_Task to carry out_
Find, in the records below, the line that contains "แนวทางเลขเด็ด แนวทางหวยฮานอย วันที่" and the line that contains "Nosilec SmallRig L". Copy those two lines and everything between them exactly, but not the pictures.

_Listed records_
- Opening Delimiter -

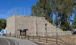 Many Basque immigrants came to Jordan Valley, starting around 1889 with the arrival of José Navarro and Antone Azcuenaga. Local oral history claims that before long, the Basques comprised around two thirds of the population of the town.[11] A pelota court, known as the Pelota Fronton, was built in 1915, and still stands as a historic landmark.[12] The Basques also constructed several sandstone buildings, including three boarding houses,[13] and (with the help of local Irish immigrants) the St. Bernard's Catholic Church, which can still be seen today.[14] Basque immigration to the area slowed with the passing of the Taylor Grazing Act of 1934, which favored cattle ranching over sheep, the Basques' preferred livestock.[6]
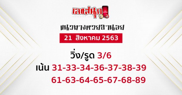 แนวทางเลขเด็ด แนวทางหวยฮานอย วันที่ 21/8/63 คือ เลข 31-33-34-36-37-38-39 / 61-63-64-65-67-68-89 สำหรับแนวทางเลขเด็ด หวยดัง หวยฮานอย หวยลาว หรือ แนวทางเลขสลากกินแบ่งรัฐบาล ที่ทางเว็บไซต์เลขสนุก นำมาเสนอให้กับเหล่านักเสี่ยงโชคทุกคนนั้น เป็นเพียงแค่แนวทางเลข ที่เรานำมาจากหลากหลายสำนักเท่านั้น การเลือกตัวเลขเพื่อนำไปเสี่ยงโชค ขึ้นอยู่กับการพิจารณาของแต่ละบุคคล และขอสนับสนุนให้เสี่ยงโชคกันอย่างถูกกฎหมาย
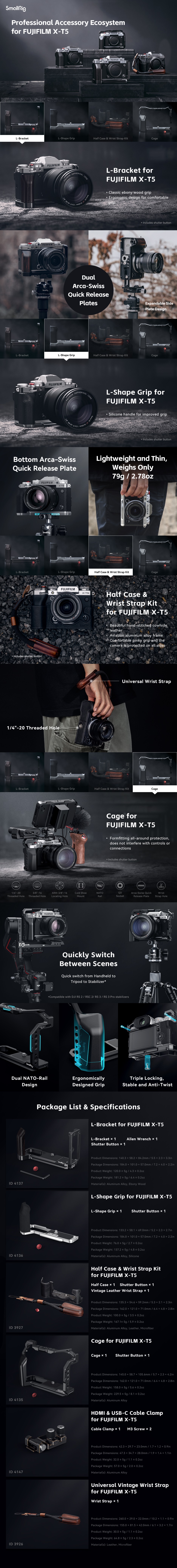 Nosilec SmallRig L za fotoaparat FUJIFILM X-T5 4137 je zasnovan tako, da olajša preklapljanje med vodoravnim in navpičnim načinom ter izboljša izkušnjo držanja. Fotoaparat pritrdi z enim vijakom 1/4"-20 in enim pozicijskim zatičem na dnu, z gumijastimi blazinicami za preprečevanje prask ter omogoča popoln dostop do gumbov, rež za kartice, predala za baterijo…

- Closing Delimiter -
- Opening Delimiter -

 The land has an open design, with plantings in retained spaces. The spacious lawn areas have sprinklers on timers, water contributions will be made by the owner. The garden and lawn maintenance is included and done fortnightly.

- Closing Delimiter -

_Answer section_
 แนวทางเลขเด็ด แนวทางหวยฮานอย วันที่ 21/8/63 คือ เลข 31-33-34-36-37-38-39 / 61-63-64-65-67-68-89 สำหรับแนวทางเลขเด็ด หวยดัง หวยฮานอย หวยลาว หรือ แนวทางเลขสลากกินแบ่งรัฐบาล ที่ทางเว็บไซต์เลขสนุก นำมาเสนอให้กับเหล่านักเสี่ยงโชคทุกคนนั้น เป็นเพียงแค่แนวทางเลข ที่เรานำมาจากหลากหลายสำนักเท่านั้น การเลือกตัวเลขเพื่อนำไปเสี่ยงโชค ขึ้นอยู่กับการพิจารณาของแต่ละบุคคล และขอสนับสนุนให้เสี่ยงโชคกันอย่างถูกกฎหมาย
 Nosilec SmallRig L za fotoaparat FUJIFILM X-T5 4137 je zasnovan tako, da olajša preklapljanje med vodoravnim in navpičnim načinom ter izboljša izkušnjo držanja. Fotoaparat pritrdi z enim vijakom 1/4"-20 in enim pozicijskim zatičem na dnu, z gumijastimi blazinicami za preprečevanje prask ter omogoča popoln dostop do gumbov, rež za kartice, predala za baterijo…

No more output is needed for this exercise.